### Activity
With the pictures left out, restate every entry word for word.

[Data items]
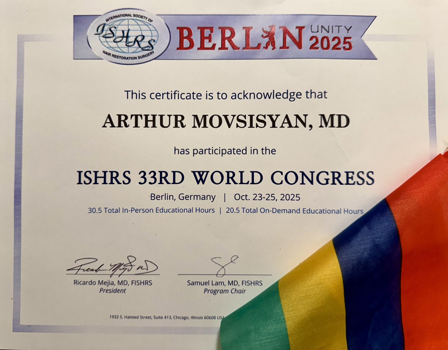 Seul membre actif de l’ISHRS à Maurice, le Dr Movsisyan participe régulièrement à des formations depuis son adhésion en 2008. Lors du congrès, il a suivi un programme complet avec des conférences, des ateliers et des séminaires sur les nouvelles techniques et innovations en restauration capillaire.
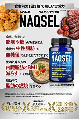 VALX バルクス ナクセル 山本義徳 NAQSEL 厳選素材 180カプセル ガルシニア抽出物加工食品
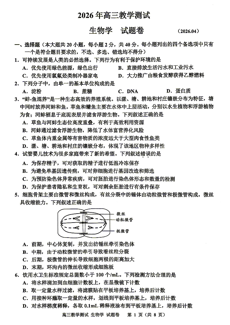 浙江省嘉兴市2026届高三下学期4月教学测试(嘉兴二模)生物.pdf
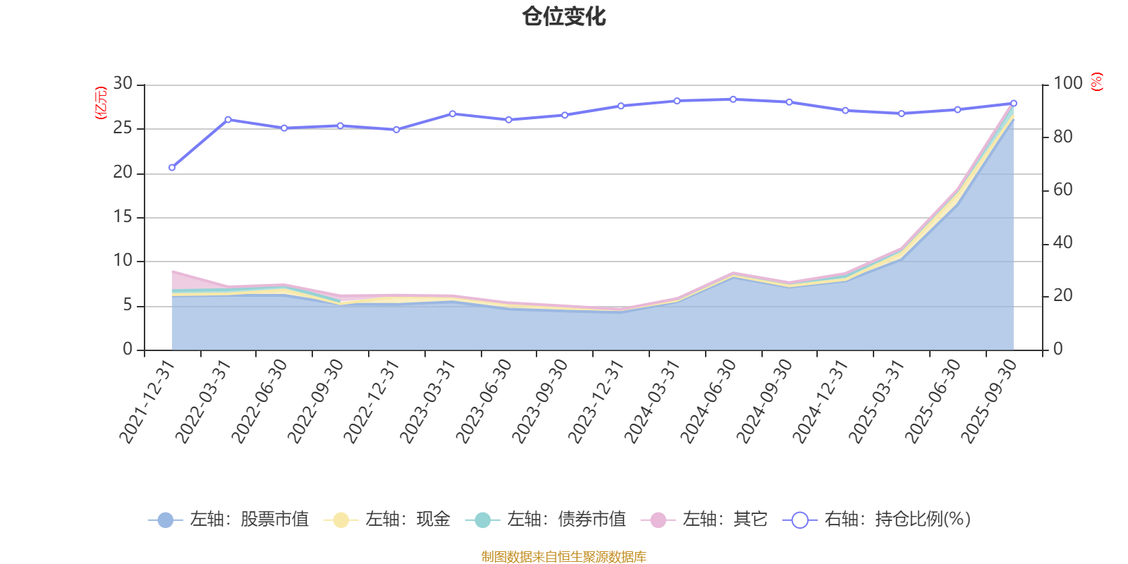 据定期报告数据统计,近三年平均股票仓位为90.32%,同类平均为87.54%。2024年上半年末基金达到94.47%的最高仓位,2021年末最低,为68.77%。
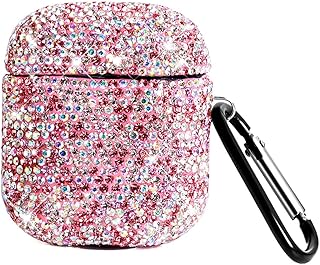 Coque AirPods 1,Coque AirPods 2,avec mousqueton Bling brillant Diamant Filles Femmes Dur PC étanche poussière Protection Skin Slim Case Housse Etui Coque pour AirPods 1&2,Rose + Plus de couleurs
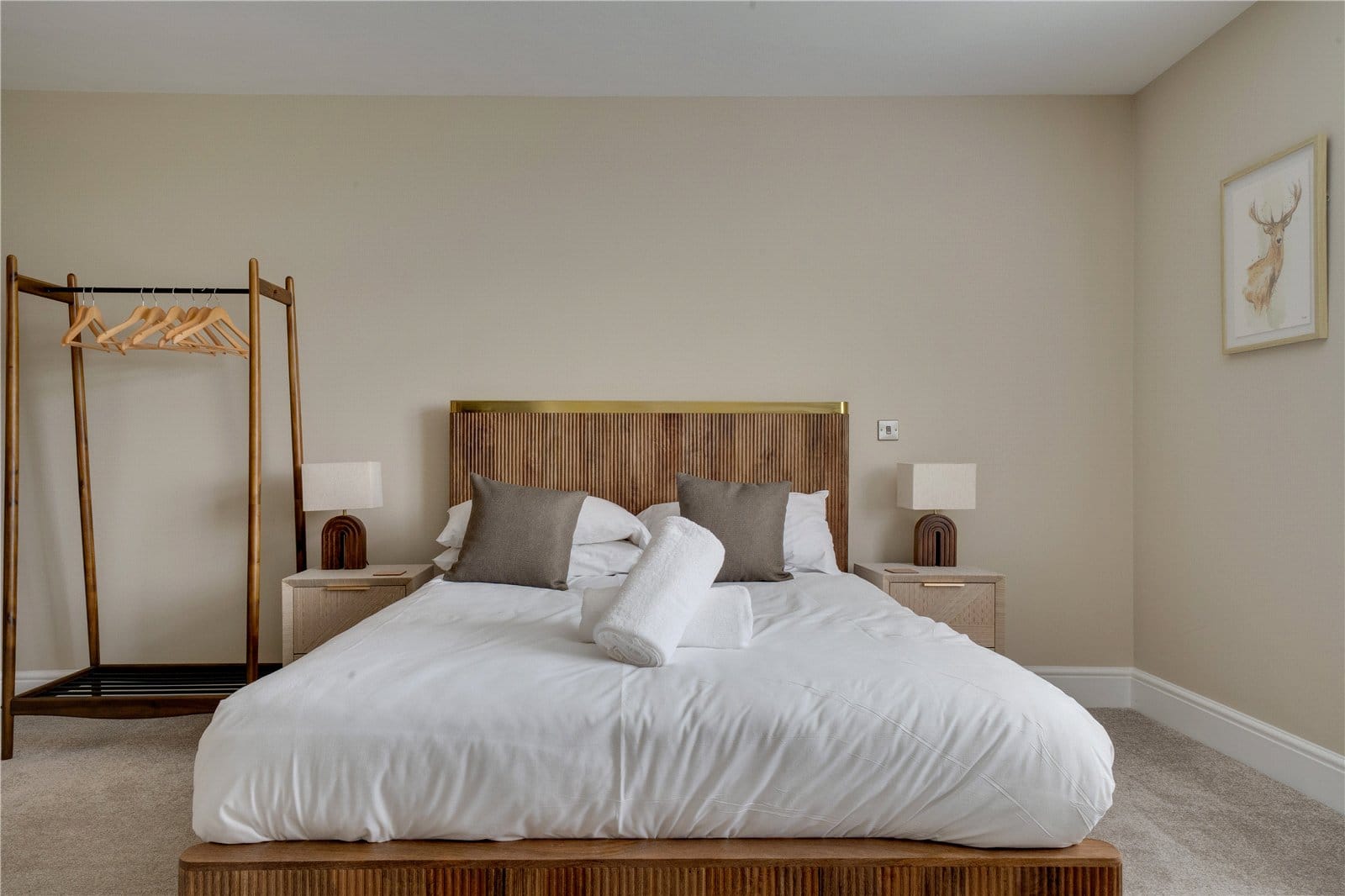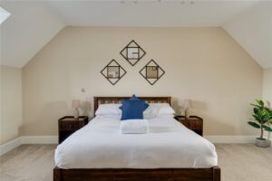 The impressive accommodation continues in style with seven beautifully appointed bedrooms. A private king-size with en-suite is accessed via the dining room staircase, while the remaining six—each with countryside views and plush finishes—are reached from the main staircase. Most enjoy en-suite facilities, while the family bedroom features a mezzanine twin room, and one twin is served by a luxurious family bathroom.
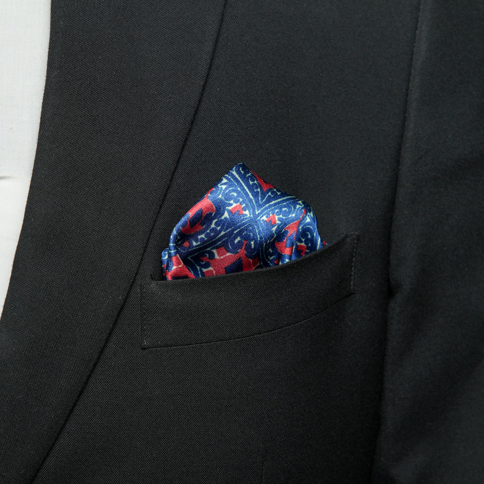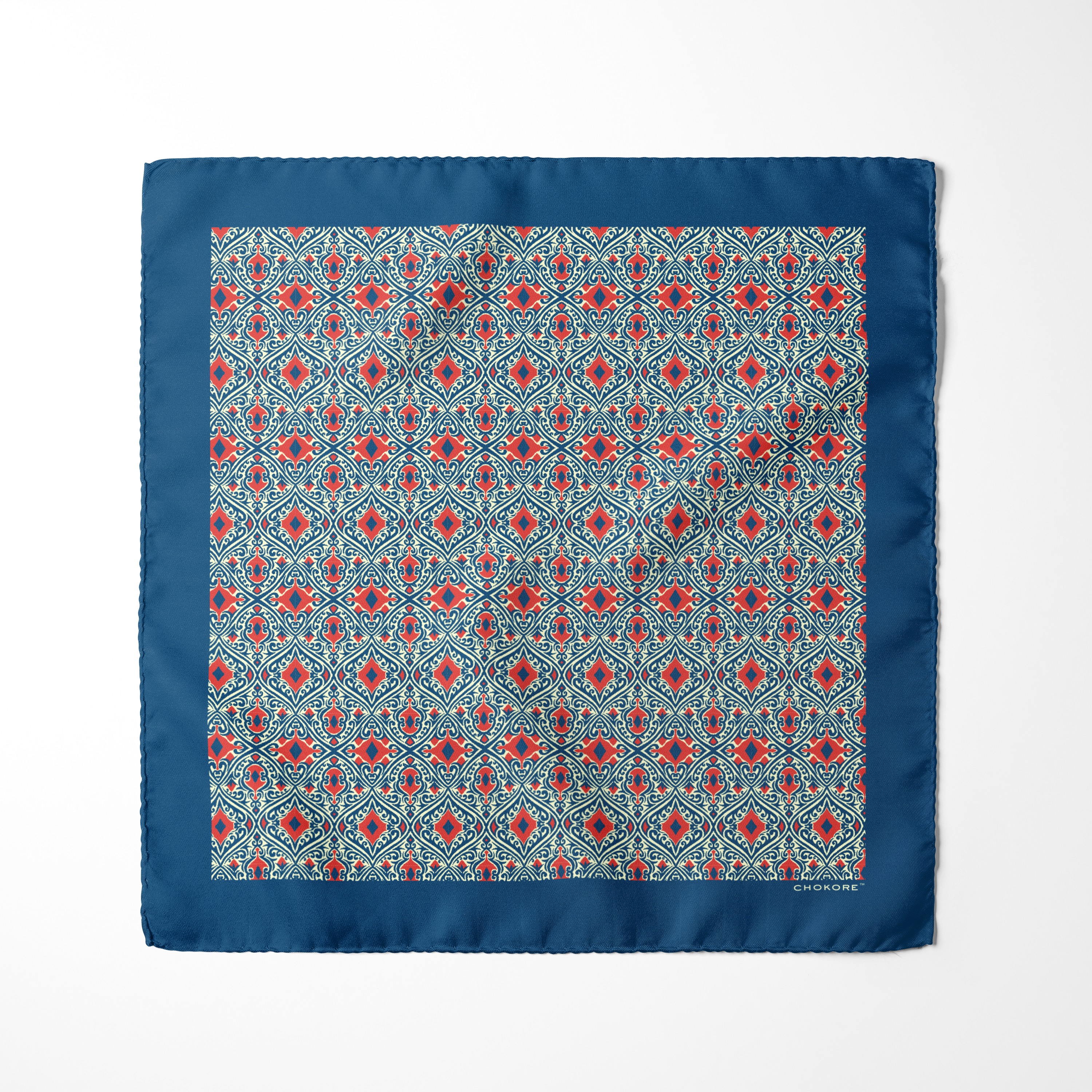 Chokore Blue & Scarlet Silk Pocket Square - Indian at Heart Range

### Result for this task
 Seul membre actif de l’ISHRS à Maurice, le Dr Movsisyan participe régulièrement à des formations depuis son adhésion en 2008. Lors du congrès, il a suivi un programme complet avec des conférences, des ateliers et des séminaires sur les nouvelles techniques et innovations en restauration capillaire.
 VALX バルクス ナクセル 山本義徳 NAQSEL 厳選素材 180カプセル ガルシニア抽出物加工食品
 浙江省嘉兴市2026届高三下学期4月教学测试(嘉兴二模)生物.pdf
 据定期报告数据统计,近三年平均股票仓位为90.32%,同类平均为87.54%。2024年上半年末基金达到94.47%的最高仓位,2021年末最低,为68.77%。
 Coque AirPods 1,Coque AirPods 2,avec mousqueton Bling brillant Diamant Filles Femmes Dur PC étanche poussière Protection Skin Slim Case Housse Etui Coque pour AirPods 1&2,Rose + Plus de couleurs
 The impressive accommodation continues in style with seven beautifully appointed bedrooms. A private king-size with en-suite is accessed via the dining room staircase, while the remaining six—each with countryside views and plush finishes—are reached from the main staircase. Most enjoy en-suite facilities, while the family bedroom features a mezzanine twin room, and one twin is served by a luxurious family bathroom.
 Chokore Blue & Scarlet Silk Pocket Square - Indian at Heart Range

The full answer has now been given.